But check this also. Raise the infeed table to match the height of the outfeed table and check it right to left as well as down the length. You may have a issue where the outfeed table is the correct height at the cutters* (flush across)* but is lower at the far end. This will cause the hollow condition you are getting. You should be able to set the tables and the cutter so no daylight shows under a good straight edge. I use the machined surface of my 4 or 6 foot level. It doesn't tip over when making this alignment proceedure and is as straight as anything I have in the shop for reference. 
Just a basic question: Do you have an adjustable outeed table?:huh: bill


----------



## Julian the woodnut (Nov 5, 2008)

I agree with woodnthings. You need to check the accuracy of the machine before worrying about technique. All the proper technique won't do a bit of good if the tables aren't parallel, or if the blades aren't the same height as the outfeed table. It only takes.001" of difference in blade height to make or break it.


----------



## woodnthings (Jan 24, 2009)

*Safety First*



gleward said:


> Thanks for the tips. In an effort the get this one edge flat from yesterdays episode,* I used the table saw and ripped one edge flat.* ....
> Would it be possible that the blades can cause this? I do need the get them sharpend?
> Glenn


Hey there Guy, before using the tablesaw for any cuts you must *have one straight edge against the fence and one flat surface on* the table. Any shift in the board as you are cutting may cause a KICKBACK and we don't want that! If you have to hand or power plane an edge to get it straight first, better that than a KICKBACK. 
So, ALWAYS sight the board or use a reference straight edge before ripping with the fence.
There are jigs to straighten curved edges on the table saw and the simplest one is to screw an already straight board to one edge and run that against the fence, leaving a parallel and straight cut on the opposite (blade) side. Some of this basic information seems to get lost when folks are starting out so I'm just trying to keep things safe
in the forum neighborhood! :smile: bill
BTW! There is no room in the shop for DULL blades or cutters. Keep them as sharp as possible. Saves wear and tear on the motors and../...reduces the feed pressure required and lessens the chance of pushing your hands into a cutter when you hit a soft spot suddenly, Another basic rule!


----------



## billrwood (Jun 24, 2009)

*using the jointer*

Glenn,
The guys have given a lot of good advice, some I can use, try this advice given to me by an old 3rd generation furniture maker 15 yrs ago that i have found works great. When feeding a board accross a jointer put as little pressure on it as possible - not on the in feed nor the out feed. That way you will only cut off the high ends, and, flip the board end for end and make the last pass with the grain. Also, the shorter the board ther better that way you will not waste any more than needful.
billrwood


----------



## billrwood (Jun 24, 2009)

Now I have a jointer question. I have never learned how to cut rabbits on a jointer. A friend of mine bought a used Ridgid 6' a couple of months ago & I tryed to cut a rabbit on it the other day but could only cut a rabbit 1/4" wide & 1/8 " deep. I could not figure out how to get the infeed table to go lower. There is a knob by the infeed adjust but could not see it had any affect on the higth adjust. I would apperciate your input. Thanks billrwood.


----------



## clarionflyer (Apr 27, 2008)

billrwood said:


> Glenn,
> The guys have given a lot of good advice, some I can use, try this advice given to me by an old 3rd generation furniture maker 15 yrs ago that i have found works great. When feeding a board accross a jointer put as little pressure on it as possible - not on the in feed nor the out feed. That way you will only cut off the high ends, and, flip the board end for end and make the last pass with the grain. Also, the shorter the board ther better that way you will not waste any more than needful.
> billrwood


This is wonderful advice. I learned it the hard way.

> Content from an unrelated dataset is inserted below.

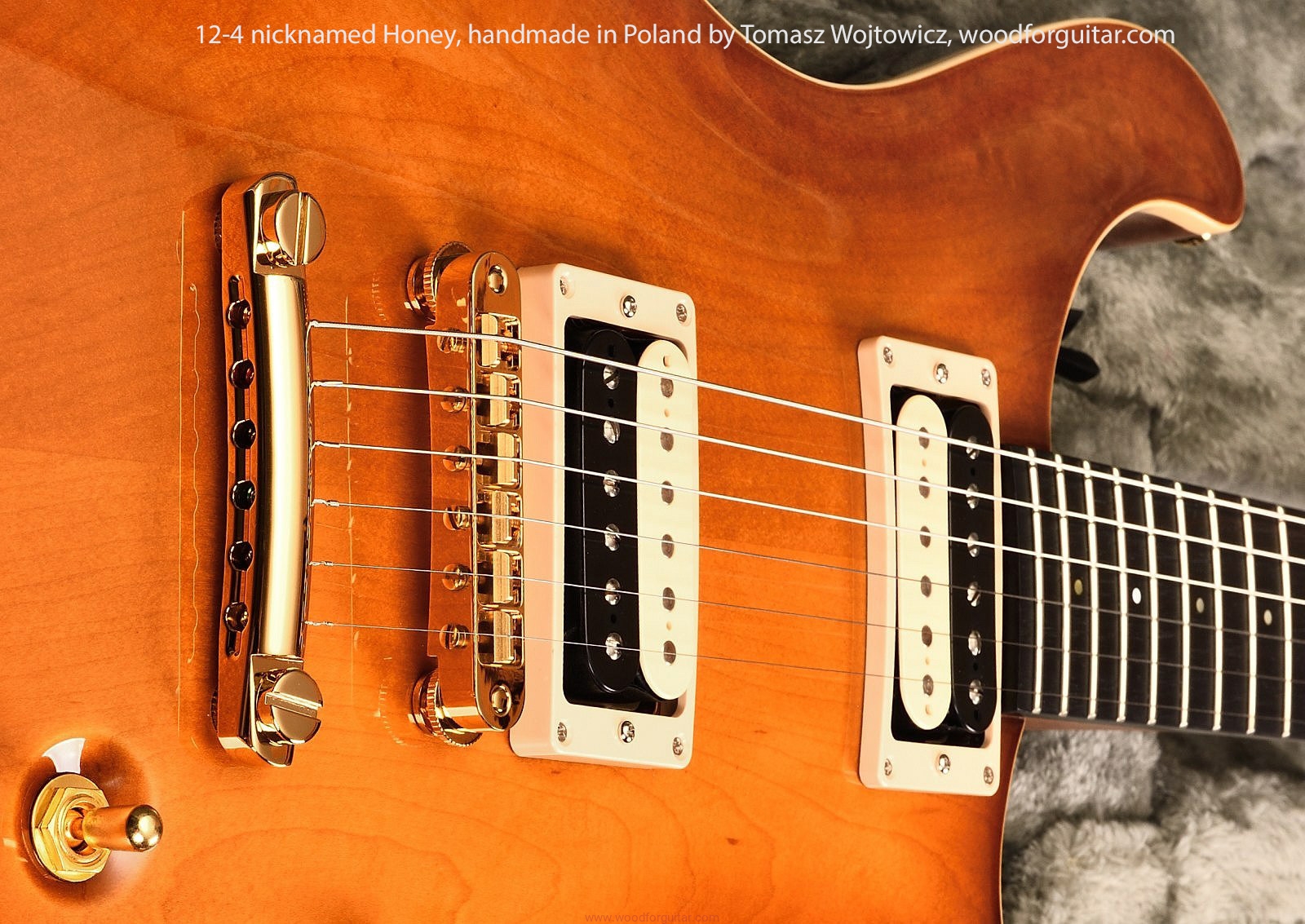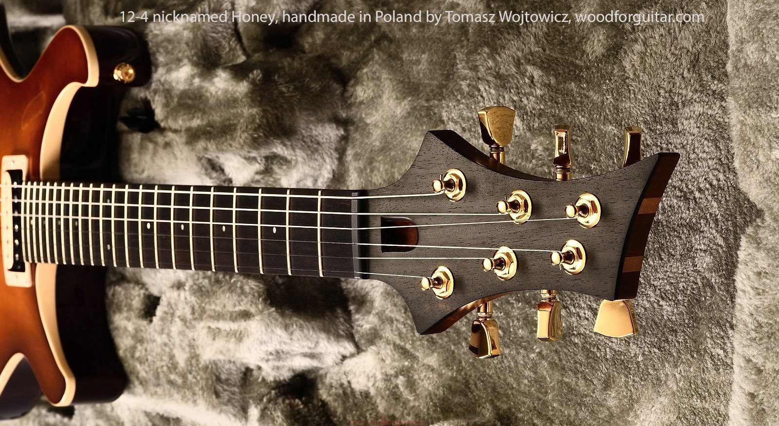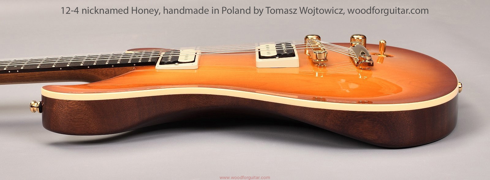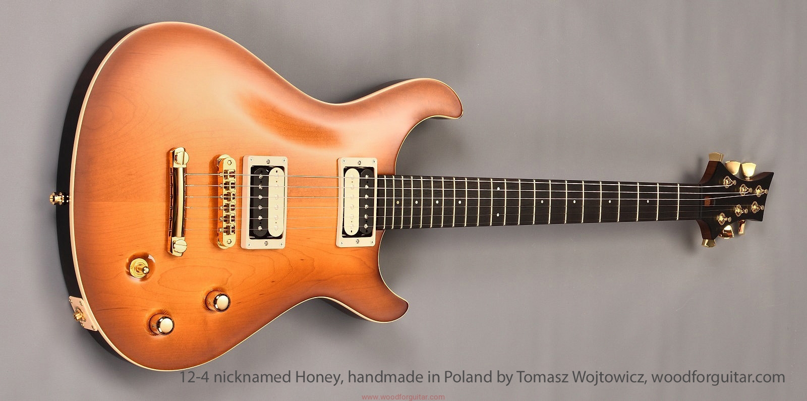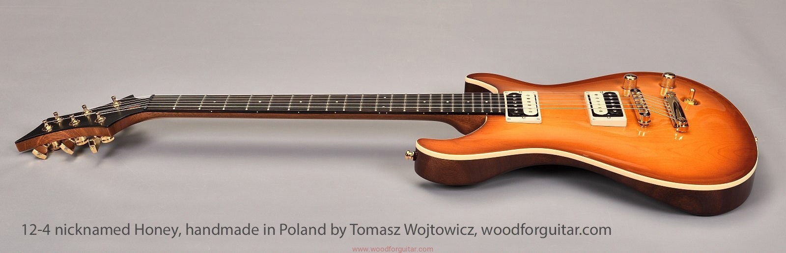 Sześciostrunowa gitara elektryczna o numerze seryjnym 12-4, nazwana „Honey”, wykonana ręcznie w Polsce przez Tomasza Wojtowicza, jedna z 25 gitar wchodzących w skład kolekcji „25 guitars collection – handmade by Tomasz Wojtowicz”. Wykonanie gitary zostało całkowicie zakończone w styczniu 2026r, gitara powstawała ponad 17 lat. Dlaczego tak długo? Bo jak zwykle w przypadku gitar z „25 guitars collection” każda z gitar w tej serii powstawała, powstaje i będzie powstawać niespiesznie, w chwilach wyjątkowych… kiedy jest czas i dobra energia. Honey to gitara stworzona do klasycznego rocka oraz bluesa, która została wykonana tradycyjnymi metodami, przy użyciu standardowych, ogólnie dostępnych narzędzi. Zalicza się do instrumentów oldschool’owych, wykonanych ręcznie bez użycia maszyn typu CNC. Dla jednych brzydki, dla innych to piękny efekt połączenia wiedzy, doświadczenia oraz cierpliwości, który jest stworzony głównie do intensywnego grania. W budowie instrumentu użyto klasycznych gatunków drewna wysokiej jakości, sezonowanych przez wiele lat w warunkach suchych. Jest to szczególny, oryginalny instrument, posiadający swój własny charakter, o brzmieniu ciepłym „mahoniowym”, grubym, „drewnianym” z dużą dozą górnolotnego jadu. Konstrukcja gitary, użyte materiały oraz osprzęt sugerują zastosowanie w gatunkach muzycznych, określanych ogólnie jako: classic rock, rock, blues oraz pokrewnych. Oczywiście, tu nie ma granic. W zależności od ustawień czułych potencjometrów, rodzaju i ustawień wzmacniacza, dodatkowych wspomagaczy, … można ukręcić brzmienia do zastosowania w przeróżnych projektach muzycznych. W gitarze zastosowano zestaw jednych z najlepszych na świecie niewoskowanych przetworników typu classic humbucker o niskim poziomie wyjściowym, a także wklejony gryf w standardowych rozmiarach, nie za cienkim, nie za grubym… lecz „w sam raz”. Gitara została wyposażona w osprzęt markowy topowej jakości. Honey to jedenasty instrument uruchomiony w rodzinie „25 guitars collection”, wcześniej uruchomione zostały: Bernard, Winston, Theodore, Leonard, Eddie, Ozzy, Tony, Tweety, Woody oraz Blondie. Pierwsze podłączenie do wzmacniacza ukazało prawdziwą naturę instrumentu, który okazał się być... dziwny. Co powiedziała Honey i dlaczego jest dziwna? „Mogę miękko szeptać. Mogę twardo krzyczeć. Ale nie będę oszukiwać i nie zamaskuję żadnego z twoich potknięć. Powiem więcej… brutalnie je podkreślę, czy to ci się podoba, czy nie”.

Also, like the others have said, make sure your jointer is tuned up square. Sounds scary but it's not that bad.

- Square the fence to the table
- Bring the infeed table level with the outfeed table. Lay a straight edge down each side - is it flat? If it isn't, you need to adjust your jointer gibs and ways.

- drop the infeed table about 1/16" or so.
- lay a straight edge on the outfeed table and blades. Slowly spin the the blades to barely touch the straight edge (both inner and outer side). 
These should just barely "feel" the straight edge. A paper thickness difference on each blade here can effect your cut. If it's off, adjust the height of the blades. (If you need help here, I have a great method).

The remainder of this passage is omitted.